[[ Dataset content open ]]
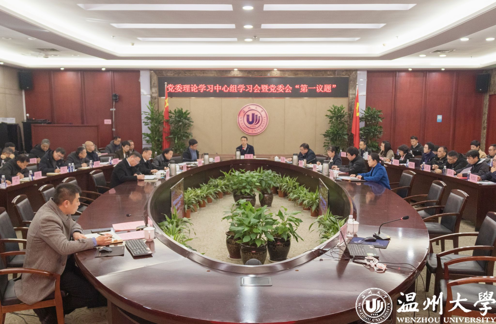 校党委理论学习中心组全体成员,各学院院长、党组织负责人,各部门负责人参加会议。
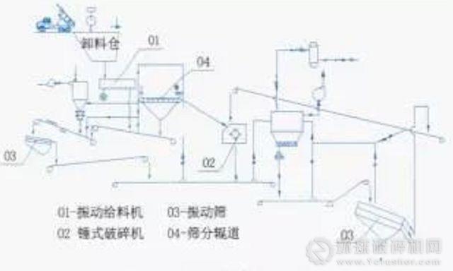 破碎系統(tǒng)典型的流程有:單段錘式破碎機系統(tǒng)、
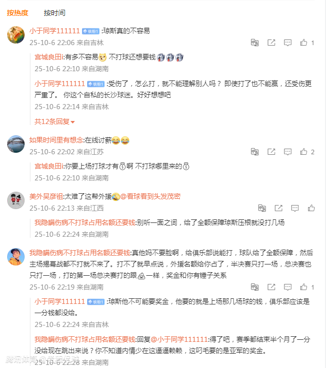 在琼斯社媒的评论区,有支持他讨薪的,也有质疑他是一面之词,而且是隐瞒伤病坑害湖南队的。
[[ Dataset content closed ]]
Repeat the material above exactly; any picture in it is left out.

Answer for the task —
 校党委理论学习中心组全体成员,各学院院长、党组织负责人,各部门负责人参加会议。
 破碎系統(tǒng)典型的流程有:單段錘式破碎機系統(tǒng)、
 在琼斯社媒的评论区,有支持他讨薪的,也有质疑他是一面之词,而且是隐瞒伤病坑害湖南队的。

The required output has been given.